Claire Mitchell on April 15, 2018

I found this week’s 20 year commemoration of the Agreement quite surreal. Maybe it was
because I was sick at home in my pyjamas and missed out on the bling of the big events. No
basking in the glow of disgraced elderly politicians for me…

Instead, I was more struck by how sad and stuck everything feels right now. It feels like we
voted for peace, but all we got was this lousy culture war. By culture war, in this context, I mean
this current mud fight between green and orange, ussuns and themmuns, my morality vs your
morality, my symbols vs your symbols… Ad infinitum.

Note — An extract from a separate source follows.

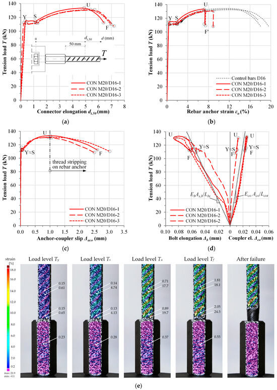 The main parameters describing the specimen behavior under tension load (i.e., tension load T, elongation of the connector dt, and slip between rebar anchor and mechanical coupler Δaco) at different loading phases are presented in Table 5. Statistical evaluation of test results was performed according to recommendations given in EN 1990: 2002, Annex D [30].

How exactly, I wondered, do you commemorate a peace accord on life support?

But then I realised… We’re not all actually engaged in this culture war. Only some of us are.
Other stories are available. If largely unreported. I’ll return to this.

The structural reasons for our culture war are well known. Green and orange were built into the
architecture of the 1998 Agreement. Designating as unionist or nationalist was incentivised by
dishing out jobs and having cross-community votes and vetoes on that basis. Cultural goodies
were handed out to each side, scrupulously ignoring the nothings, the neithers and the in-
betweens. The green became brighter and the orange became deeper as each side shuffled
towards the outer ends of the seesaw to keep the other in balance. The binary became frozen in
time.

But there was probably no other way to get the ball rolling. The two-community model was
probably a necessary medicine.

And violence has plummeted. A vote for the DUP or Sinn Féin does not now mean what it once
did. It’s not necessarily an endorsement of the past, or even the policies of the present. Some of
them even still like each other. Just like we do. Surveys consistently show that regardless of our
politics, we still want to mix more, and get to know each other better.

However, here we sit, many draped defensively in our flags, middle fingers up in the polling
booths. Some awkwardly voting for parties they never thought they could. Whilst others shake
their heads in bewilderment, seeing no way out. Some days it feels like our stereotypes of one
another are worse than they have ever been.

What the hell happened?

Or maybe a better question is – what the hell didn’t happen?

For a start, we “forgot” to integrate all the things, as promised in the Agreement. After 20 years
of peace, just 7% of schools are integrated. Which is ridiculously low. There must have been
some serious resistance to this on the ground.

Oh wait… there wasn’t? 80% of the population would like more mixing in schools, 67% saying
that they would specifically prefer a mixed religion school. Hmm.

Similarly, only a tiny handful of shared housing estates have been established. Timidly
promoted, and barely protected from paramilitary threats. In contrast, 91% of housing estates in
Belfast are classed as single identity. But again, that’s probably because there was no real
appetite for mixing?

Nope. 77% of us would prefer to live in a mixed religion neighbourhood.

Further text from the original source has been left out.